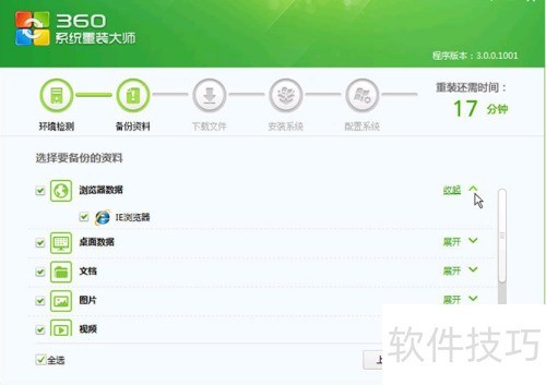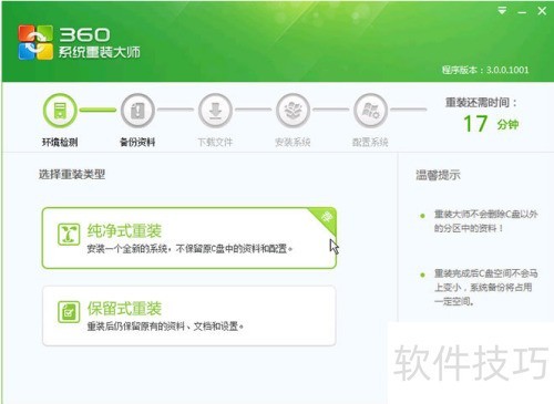 3、 选择纯净式重装会立即开始系统重装;选择保留式重装则会进入资料选择页面,您可挑选需要保留的数据。当前支持备份的内容涵盖:QQ、MSN、旺旺、YY语音等聊天记录,以及我的文档、桌面文件、Outlook邮件、IE和360浏览器收藏夹等重要个人数据。若数据不在支持备份范围内,请您手动备份至非系统盘(C盘)的其他分区,以免丢失。
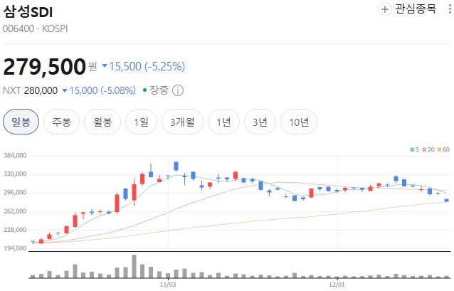 이번 하락은 삼성SDI 자체 악재라기보다는, 업종 대표주인 LG에너지솔루션발(發) 충격이 2차전지 섹터 전반으로 확산된 결과로 보는 해석이 지배적입니다.
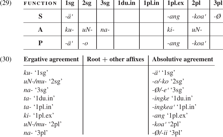 In order to see the patterns in a complex paradigm of this kind, it is often helpful to lay out the forms in some kind of work-chart. The chart in (29) lists the agreement affixes which occur in examples (27–28) according to their functions: S (intransitive subject), A (transitive subject), and P (transitive object). There are gaps in the chart, due to the limited amount of data in these examples, but we can see that wherever we have all three forms for a given person and number, the S and P forms are the same while the A form is different. For this reason, we refer to the two sets of affixes as ergative vs. absolutive agreement, rather than subject vs. object agreement. The complete set of Tabulahan agreement affixes is displayed in the partial position class chart in (30).1
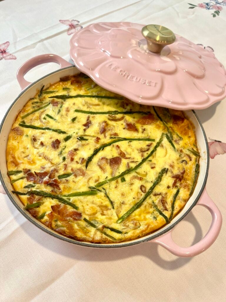 For this Easter brunch, I wanted every detail to feel simple, elegant, and a little bit fancy without being overdone. I baked my quiche in a Le Creuset pink chiffon petal braiser. It not only cooks beautifully but doubles as the prettiest serving piece on the table. Fresh tulips arranged in a crystal vase added that effortless spring charm, while my thrifted antique silver tray became the perfect way to serve appetizers. Especially for caviar deviled eggs! It instantly elevates even the simplest dish. One of my favorite touches is using a champagne ice mold. Filled with flowers, lemon slices, or anything you have on hand. Don’t overthink it, this is where you can get creative and use what you already have around your home or garden. To tie it all together, I kept it simple with a floral tablecloth from Amazon, letting all the pretty details shine. I hope you enjoy these recipes and ideas as much as my family does. Happy Easter friends!
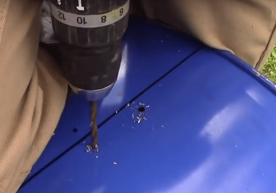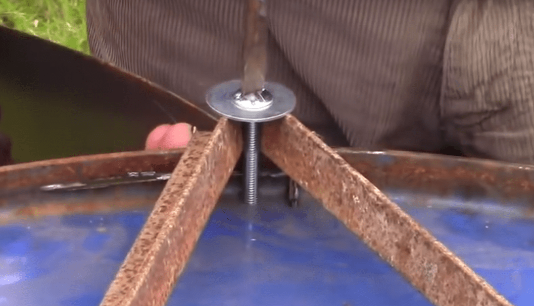 Чтобы прикрепить ножки к бочке укладываем как показано на фотографии и просверливаем 8 мм сверлом 3 дырки. Одна сверху и две по бокам барбекю. Не забывайте, у вас должны быть 8 мм болты.
__________
== TO DO ==
Write the entries above out again exactly, omitting each image.

== SOLUTION TO THE PROBLEM ==
 3、 选择纯净式重装会立即开始系统重装;选择保留式重装则会进入资料选择页面,您可挑选需要保留的数据。当前支持备份的内容涵盖:QQ、MSN、旺旺、YY语音等聊天记录,以及我的文档、桌面文件、Outlook邮件、IE和360浏览器收藏夹等重要个人数据。若数据不在支持备份范围内,请您手动备份至非系统盘(C盘)的其他分区,以免丢失。
 이번 하락은 삼성SDI 자체 악재라기보다는, 업종 대표주인 LG에너지솔루션발(發) 충격이 2차전지 섹터 전반으로 확산된 결과로 보는 해석이 지배적입니다.
 In order to see the patterns in a complex paradigm of this kind, it is often helpful to lay out the forms in some kind of work-chart. The chart in (29) lists the agreement affixes which occur in examples (27–28) according to their functions: S (intransitive subject), A (transitive subject), and P (transitive object). There are gaps in the chart, due to the limited amount of data in these examples, but we can see that wherever we have all three forms for a given person and number, the S and P forms are the same while the A form is different. For this reason, we refer to the two sets of affixes as ergative vs. absolutive agreement, rather than subject vs. object agreement. The complete set of Tabulahan agreement affixes is displayed in the partial position class chart in (30).1
 For this Easter brunch, I wanted every detail to feel simple, elegant, and a little bit fancy without being overdone. I baked my quiche in a Le Creuset pink chiffon petal braiser. It not only cooks beautifully but doubles as the prettiest serving piece on the table. Fresh tulips arranged in a crystal vase added that effortless spring charm, while my thrifted antique silver tray became the perfect way to serve appetizers. Especially for caviar deviled eggs! It instantly elevates even the simplest dish. One of my favorite touches is using a champagne ice mold. Filled with flowers, lemon slices, or anything you have on hand. Don’t overthink it, this is where you can get creative and use what you already have around your home or garden. To tie it all together, I kept it simple with a floral tablecloth from Amazon, letting all the pretty details shine. I hope you enjoy these recipes and ideas as much as my family does. Happy Easter friends!
 Чтобы прикрепить ножки к бочке укладываем как показано на фотографии и просверливаем 8 мм сверлом 3 дырки. Одна сверху и две по бокам барбекю. Не забывайте, у вас должны быть 8 мм болты.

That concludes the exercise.